I use KeyedCoProcessFunction function to enrich main datastream with data comes from another stream

Code:

class AssetDataEnrichment extends KeyedCoProcessFunction[String, PacketData, AssetCommandState, AssetData] with LazyLogging {

  case class AssetStateDoc(assetId: Option[String])
  private var associatedDevices: ValueState[AssetStateDoc] = _

  override def open(parameters: Configuration): Unit = {
    val associatedDevicesDescriptor =
      new ValueStateDescriptor[AssetStateDoc]("associatedDevices", classOf[AssetStateDoc])
    associatedDevices = getRuntimeContext.getState[AssetStateDoc](associatedDevicesDescriptor)
  }

  override def processElement1(
                                packet: PacketData,
                                ctx: KeyedCoProcessFunction[String, PacketData, AssetCommandState, AssetData]#Context,
                                out: Collector[AssetData]): Unit = {
    
    val tmpState = associatedDevices.value
    val state = if (tmpState == null) AssetStateDoc(None) else tmpState
    
    state.assetId match {
      case Some(assetId) =>
        logger.debug(s"There are state for ${packet.tag.externalId} = $assetId")
        out.collect(AssetData(assetId, packet.tag.externalId.get, packet.toString))
      case None => logger.debug(s"No state for a packet ${packet.tag.externalId}")
      case _ => logger.debug("Smth went wrong")
    }
  }

  override def processElement2(
                                value: AssetCommandState,
                                ctx: KeyedCoProcessFunction[String, PacketData, AssetCommandState, AssetData]#Context,
                                out: Collector[AssetData]): Unit = {
    
    value.command match {
      case CREATE =>
        logger.debug(s"Got command to CREATE state for tag: ${value.id} with value: ${value.assetId}")
        logger.debug(s"current state is ${associatedDevices.value()}")
        associatedDevices.update(AssetStateDoc(Some(value.assetId)))
        logger.debug(s"new state is ${associatedDevices.value()}")
      case _ =>
        logger.error("Got unknown AssetCommandState command")
    }
  }
}

processElement2() works good, it's accept data and update a state.
but in a processElement1() I am always hitting case None => logger.debug(s"No state for a packet ${packet.tag.externalId}")
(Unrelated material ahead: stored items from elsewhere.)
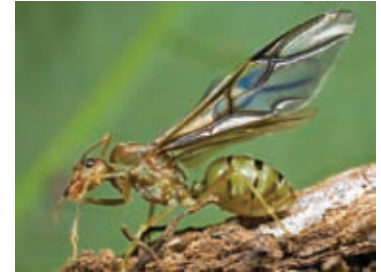
Weaver ant ( Oecophylla longinoda )

The word biodiversity is the short form of the term 'biological diversity' . Biodiversity is the variety of all living things on Earth. This includes the millions of species (people too) that live on land, freshwater systems and oceans. It also includes the tiny organisms that we can see only with a microscope as well as fungi, plants, the trees, ants, beetles, butterflies, birds and the large animals (elephants, whales, bears, etc).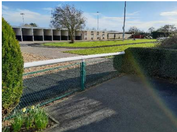
Pre-Parade Ring Viewing Area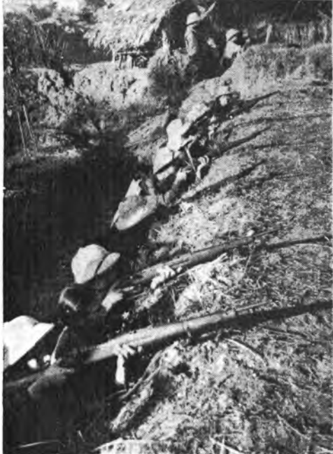
Simple weapons coupled with sophisticated weapons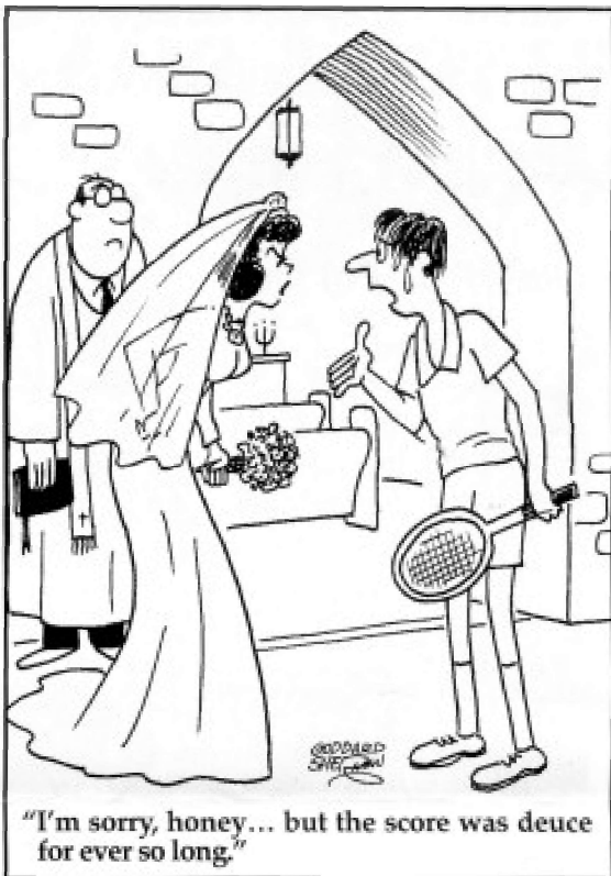
from The Joyful Noiseletter ©Goddard Sherman Reprinted with permission

although I expect that there will be a value that was set in processElement2 function

as an example I used this guide - https://nightlies.apache.org/flink/flink-docs-master/docs/dev/datastream/fault-tolerance/state/


Solution

  • processElement1 and processElement2 do share state, but keep in mind that this is key-partitioned state. This means that a value set in processElement2 when processing a given value v2 will only be seen in processElement1 when it is called later with a value v1 having the same key as v2.
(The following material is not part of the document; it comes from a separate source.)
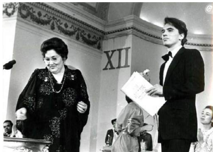
Irina Arkhipova and Dmitry Khvorostovsky, the 12th International Glinka Vocal Competition in Baku, 1987.

The 26th International Glinka Vocal Competition

    Also keep in mind that you have no control over the race condition between the two streams coming into processElement1 and processElement2.

    The RidesAndFares exercise from the official Apache Flink training is all about learning to work with this part of the API. https://nightlies.apache.org/flink/flink-docs-stable/docs/learn-flink/etl/ is the home for the corresponding tutorial.